* _What you will do_
From the first line down to the line containing "2017年1月5日在河南省登", print the records below exactly, leaving every picture out.

◇ ◇ ◇ ◇

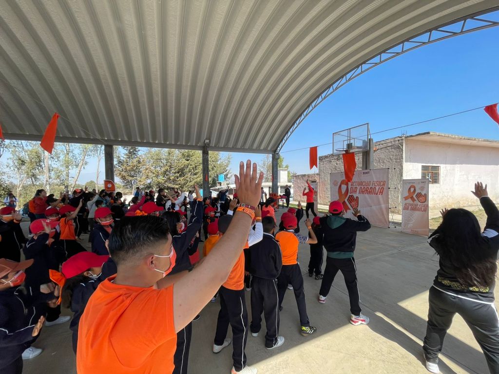 Con el objetivo de visibilizar y erradicar la violencia de género en las nuevas generaciones, más de 180 personas, entre niñas, niños, así como docentes, participaron en la conmemoración del Día Naranja, organizada por el gobierno del estado a través del Instituto del Deporte de Tlaxcala (IDET), con actividades recreativas que se efectuaron en la explanada principal de la comunidad de San Miguel El Piñón, municipio de Españita.
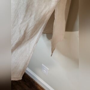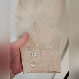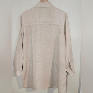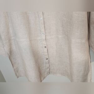 100% linen, button down with collar, oversized tunic, shell buttons, extra button on material tag, roll tab sleeves, split hem
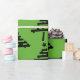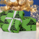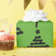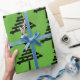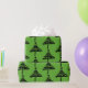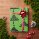 A simple stylish pattern of black Christmas trees on a green background. The design is a simple digital drawing of a Christmas tree with a star on the top.
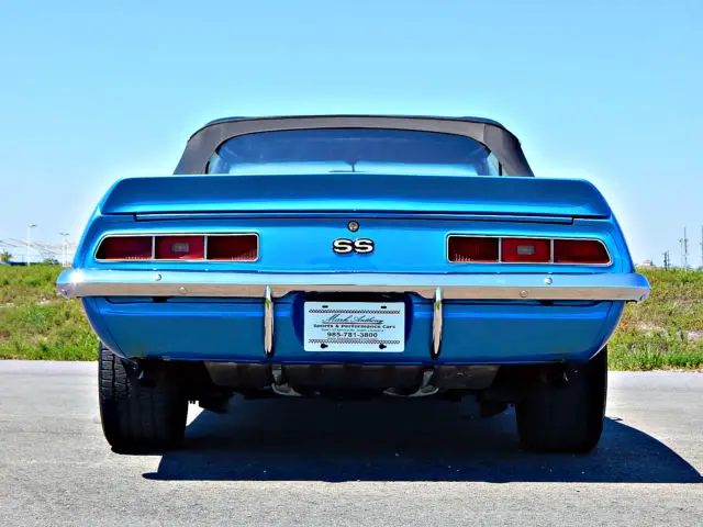 1969 SS CamaroPower Convertible Top with Black Boot Cover383 Stoker engine5 speed Tremec TKO transmission4.10:1 Posi-Traction Rear EndSSBC Power Front BrakesWilwood Rear Disc BrakesPower SteeringHolley 4bbl CarburetorEdlebrock Performer Aluminum IntakeMSD Plug WiresMSD CoilMSD 6AL Ignition SystemCeramic Coated HeadsAluminum Water PumpMilodon PanRear Traction BarsBraided Stainless Steel Fuel LinesAnodized Fuel Regulator and Fuel FittingsFront and Rear SpoilersAmerican Racing Aluminum WheelsHurst ShifterSony AM/FM/CD Stereo with Trunk Mounted Amplifier and SubwooferFuel Pressure GaugeVintage ACCar CoverAmazing Camaro inside and out, call with any questions!
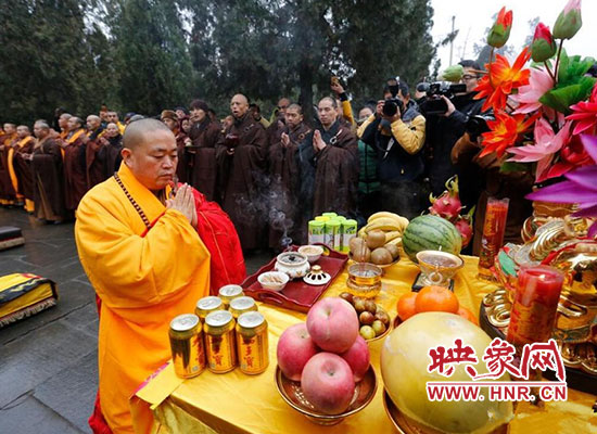 2017年1月5日在河南省登封少林寺,少林寺臘八施粥并舉行祈福法會,吸引數(shù)千名群眾前來喝粥。昨天是傳統(tǒng)的“臘八節(jié)”,隨著這一天的到來,年味漸濃,整個舊歷年年俗隨之拉開帷幕。
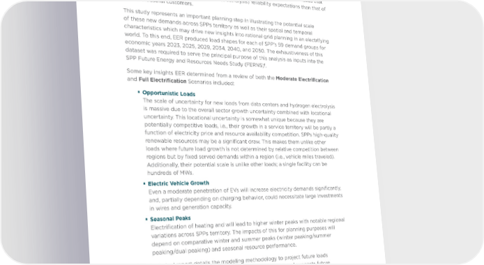 flexible loads, can reduce new infrastructure needs. Electrification of space heating may represent a relatively small share of annual electricity demand but contribute towards changing peaks from summer to winter. Finally, new data center and electrolysis loads have the potential to further increase loads in SPP’s service territory and are loads that may have higher (data center) or lower (electrolysis) reliability expectations than that of typical industrial customers. This study represents an important planning step in illustrating the potential scale of these new demands across SPPs territory as well as their spatial and temporal characteristics which may drive new insights into rational grid planning in an electrifying world. To this end, EER produced load shapes for each of SPP’s 59 demand groups for economic years 2023, 2025, 2029, 2034, 2040, and 2050. The exhaustiveness of this dataset was required to serve the principal purpose of this analysis as inputs into the 1 SPP Future Energy and Resources Needs Study (FERNS). Some key insights EER determined from a review of both the Moderate Electrification and Full Electrification Scenarios included: ƒ Opportunistic Loads The scale of uncertainty for new loads from data centers and hydrogen electrolysis is massive due to the overall sector growth uncertainty combined with locational uncertainty. This locational uncertainty is somewhat unique because they are potentially competitive loads, i.e., their growth in a service territory will be partly a function of electricity price and resource availability competition. SPPs high-quality renewable resources may be a significant draw. This makes them unlike other loads where future load growth is not determined by relative competition between regions but by fixed served demands within a region (i.e., vehicle miles traveled). Additionally, their potential scale is unlike other loads; a single facility can be hundreds of MWs. ƒ Electric Vehicle Growth Even a moderate penetration of EVs will increase electricity demands significantly, and, partially depending on charging behavior, could necessitate large investments in wires and generation capacity. ƒ Seasonal Peaks Electrification of heating and will lead to higher winter peaks with notable regional variations across SPPs territory. The impacts of this for planning purposes will depend on comparative winter and summer peaks (winter peaking/summer peaking/dual peaking) and seasonal resource performance. This technical report details the modeling methodology to project future loads Scenarios, discusses the results of these Scenario analyses, and suggests future areas of study to address the uncertainties of renewable energy integration and load management in these new electricity load growth paradigms. 1 Brattle Group. “SPP Future Energy and Resource Needs Study (FERNS): Capacity Expansion Modeling Approach, Feb. 2024. SPP FUTURE LOAD SCENARIOS | EVOLVED ENERGY RESEARCH | 4
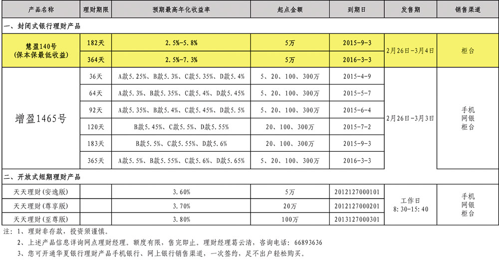华夏银行提示您:利率不断下调,存款收益降低。为合理优化您个人的资产配置,可适当选择购买理财产品。华夏银行“龙盈”系列理财产品预期收益率全市同业最高,是您投资理财的最佳选择!
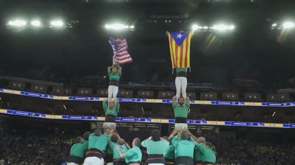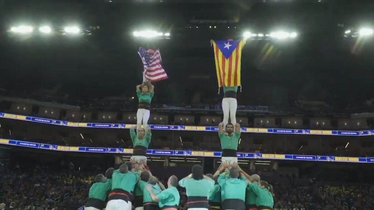 Los Castellers de Vilafranca realizaron una actuación en uno de los parones del partido entre Golden State Warriors y Timberwolves de la pretemporada de la NBA y desplegaron uan estelada junto a la bandera de EEUU.
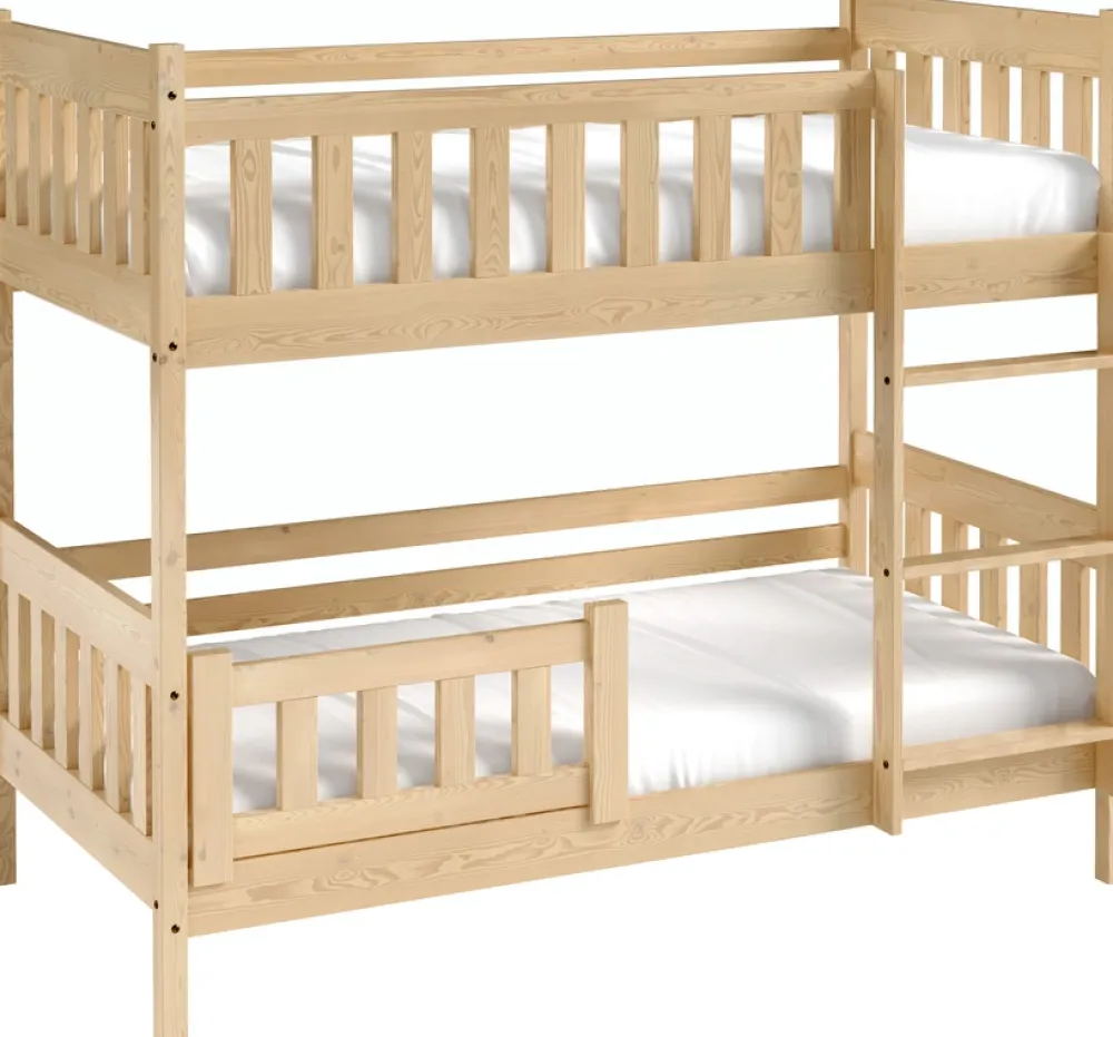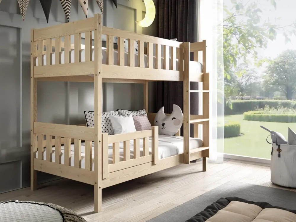 - Łóżko piętrowe z barierką LUMISLE idealne do pokoju dziecięcego. Wykonane zostało z drewna sosnowego w naturalnym wybarwieniu sosny. Posiada powierzchnie spania o wymiarach 80×190 cm. Możliwy montaż lewostronny lub prawostronny.
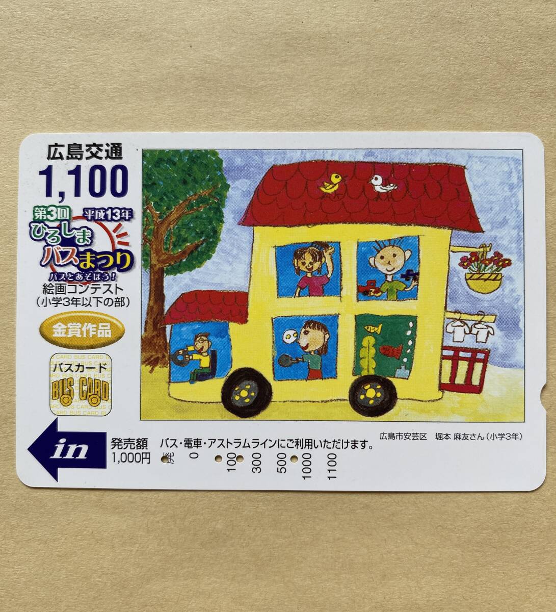 - 【使用済】 バスカード 広島交通 第3回 平成13年 ひろしまバスまつり バスとあそぼう! 絵画コンテスト (小学3年以下の部) 金賞作品
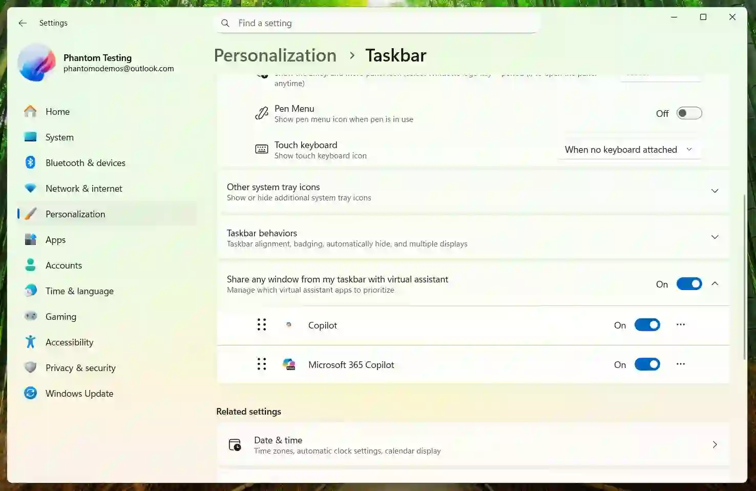 Windows 11 primește o setare nouă numită Partajați orice fereastră din bara de activități cu asistentul virtual, gândită să permită aplicațiilor compatibile, precum Copilot și Microsoft 365 Copilot, să primească acces la o fereastră aleasă direct din interfața barei de activități. Ideea este să elimine partajarea manuală a ecranului și să lase sistemul să predea o fereastră live către un asistent AI, dar numai cu permisiunea utilizatorului.

◇ ◇ ◇ ◇

* _Exercise answer_
 Con el objetivo de visibilizar y erradicar la violencia de género en las nuevas generaciones, más de 180 personas, entre niñas, niños, así como docentes, participaron en la conmemoración del Día Naranja, organizada por el gobierno del estado a través del Instituto del Deporte de Tlaxcala (IDET), con actividades recreativas que se efectuaron en la explanada principal de la comunidad de San Miguel El Piñón, municipio de Españita.
 100% linen, button down with collar, oversized tunic, shell buttons, extra button on material tag, roll tab sleeves, split hem
 A simple stylish pattern of black Christmas trees on a green background. The design is a simple digital drawing of a Christmas tree with a star on the top.
 1969 SS CamaroPower Convertible Top with Black Boot Cover383 Stoker engine5 speed Tremec TKO transmission4.10:1 Posi-Traction Rear EndSSBC Power Front BrakesWilwood Rear Disc BrakesPower SteeringHolley 4bbl CarburetorEdlebrock Performer Aluminum IntakeMSD Plug WiresMSD CoilMSD 6AL Ignition SystemCeramic Coated HeadsAluminum Water PumpMilodon PanRear Traction BarsBraided Stainless Steel Fuel LinesAnodized Fuel Regulator and Fuel FittingsFront and Rear SpoilersAmerican Racing Aluminum WheelsHurst ShifterSony AM/FM/CD Stereo with Trunk Mounted Amplifier and SubwooferFuel Pressure GaugeVintage ACCar CoverAmazing Camaro inside and out, call with any questions!
 2017年1月5日在河南省登封少林寺,少林寺臘八施粥并舉行祈福法會,吸引數(shù)千名群眾前來喝粥。昨天是傳統(tǒng)的“臘八節(jié)”,隨著這一天的到來,年味漸濃,整個舊歷年年俗隨之拉開帷幕。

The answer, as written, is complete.